= Records supplied =

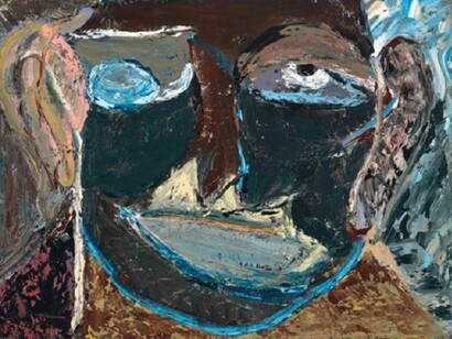 "These are exceedingly dense compositions, and the artist has stated that he was attempting to paint the landscape in the faces. The subjects of these paintings, all gimlet-eyed faces, stare out at us from a primordial darkness, while the potential energy previously locked in the daubs of oil in the earlier abstract works is now unleashed in layers of dark slashing brush strokes." Deven Golden 2013
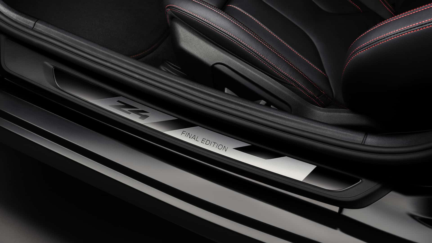 车内以红色缝线贯穿仪表台、中控台、门板、脚踏垫与M Sport座椅,座椅使用Vernasca皮革结合Alcantara包覆,并以专属门槛饰板强调Final Edition的独特身份。
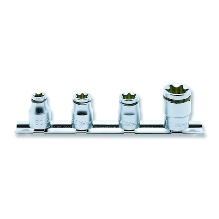 1/4, 3/8, 1/2 In Dr. German Auto Torx, Triple Square, TR Triple Square and E-Star Socket Set w/Rails
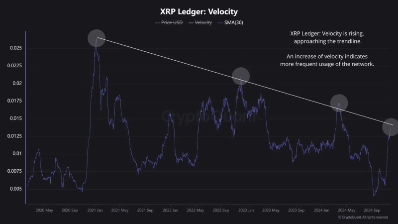 On the 27th (local time), 'JA_Maartun', a contributor to the on-chain data analysis platform CryptoQuant, stated, "An increase in circulation speed means that the frequency of network usage is rising," and judged that "Ripple is currently showing this pattern and is likely to break through the trendline."
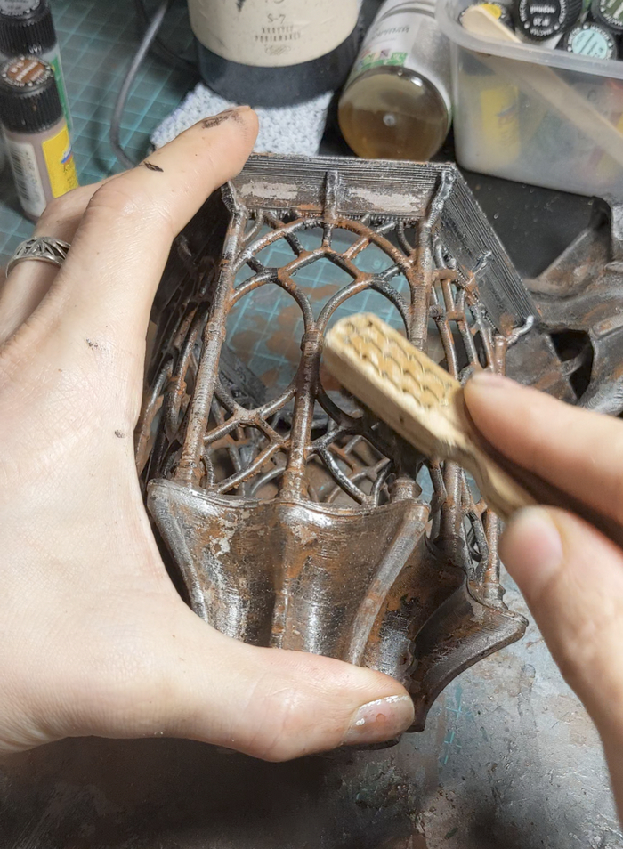 5 - Далее необходимо было создать эффект ржавчины и подтёков, у нас же старый, готический фонарь. Для этого развели максимально жидко краску "ржавчина" и проливая ее и промакивая ватной палочкой нанесли не те места, где по нашему мнению она могла образоваться и раздули ее аэрографом. Где-то просто воздухом, где-то с водой.
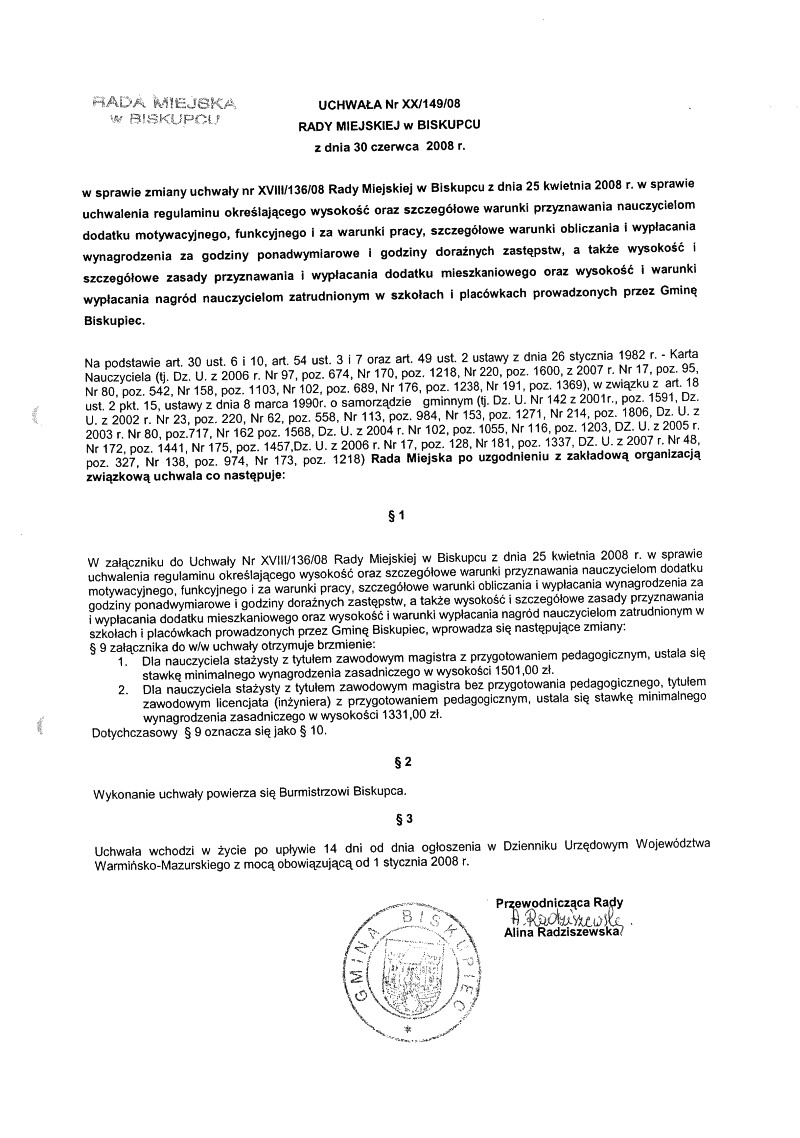 w sprawie zmiany uchwały nr XVIII/136/08 Rady Miejskiej w Biskupcu z dnia 25 kwietnia 2008 r. w sprawie uchwalenia regulaminu określającego wysokość oraz szczegółowe warunki przyznawania nauczycielom dodatku motywacyjnego, funkcyjnego i za warunki pracy, szczegółowe warunki obliczania i wypłacania wynagrodzenia za godziny ponadwymiarowe i godziny doraźnych zastępstw, a także wysokość i szczegółowe zasady przyznawania i wypłacania dodatku mieszkaniowego oraz wysokość i warunki wypłacania nagród nauczycielom zatrudnionym w szkołach i placówkach prowadzonych przez Gminę Biskupiec.
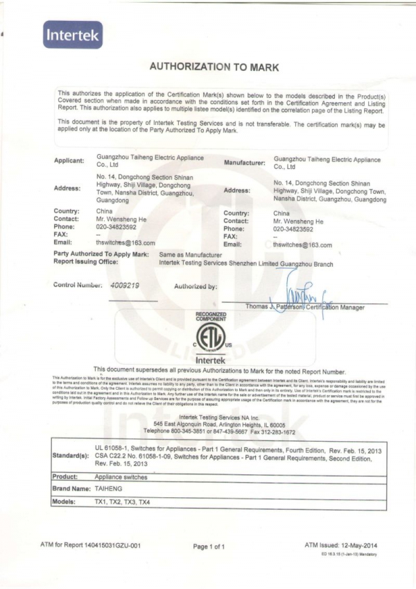 當前位置:網站首頁 » 資質證書 » ETL證書(TH THW TX)
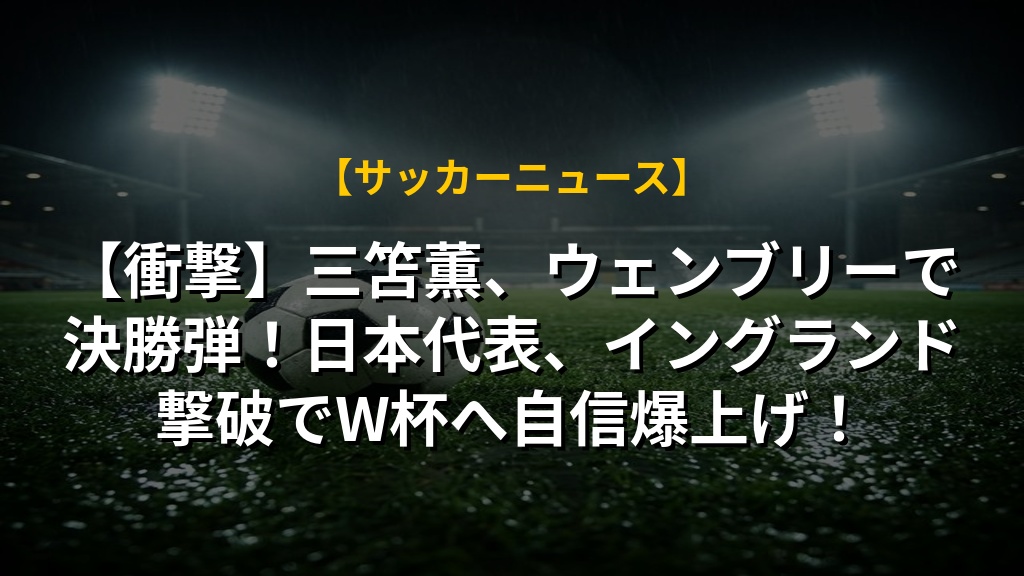 日本代表がイングランド代表との親善試合を1-0で制し、大きな自信を得ました。三笘薫選手がウェンブリーで決勝点を決め、その活躍はまさに圧巻です。シャドーでの起用も成功し、新たな可能性を見せました。
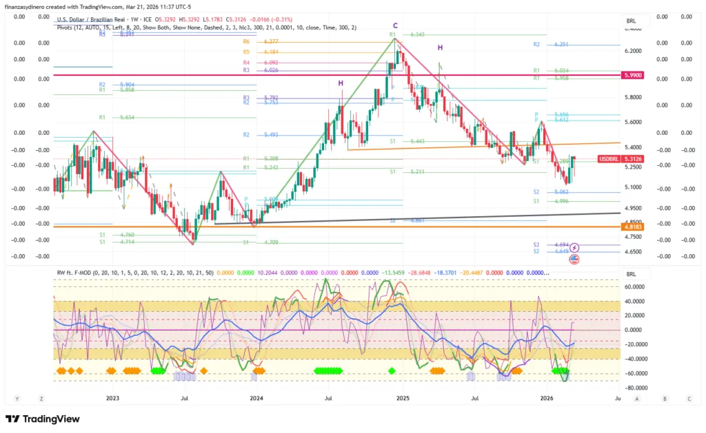 Cierra una semana de perdidas y encuentra soporte en el nivel S1. Permanece por debajo de la línea de cuello del patrón HCH que se ha mencionado en otras ocasiones. El objetivo del patrón HCH es $4.4732. Soporte inmediato en la zona $4.99-$5.06.
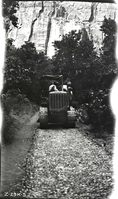 Narrows Trail construction, station 12-00, horsed-pulled roller. ; ZION Museum and Archives Image 008_03_050 ; ZION 13587

= Brief =
Please return the material above only from the line that holds "日本代表がイングランド代表と" through the line that holds "Cierra una semana", exactly as it stands, ends included and pictures omitted.

= Output for this task =
 日本代表がイングランド代表との親善試合を1-0で制し、大きな自信を得ました。三笘薫選手がウェンブリーで決勝点を決め、その活躍はまさに圧巻です。シャドーでの起用も成功し、新たな可能性を見せました。
 Cierra una semana de perdidas y encuentra soporte en el nivel S1. Permanece por debajo de la línea de cuello del patrón HCH que se ha mencionado en otras ocasiones. El objetivo del patrón HCH es $4.4732. Soporte inmediato en la zona $4.99-$5.06.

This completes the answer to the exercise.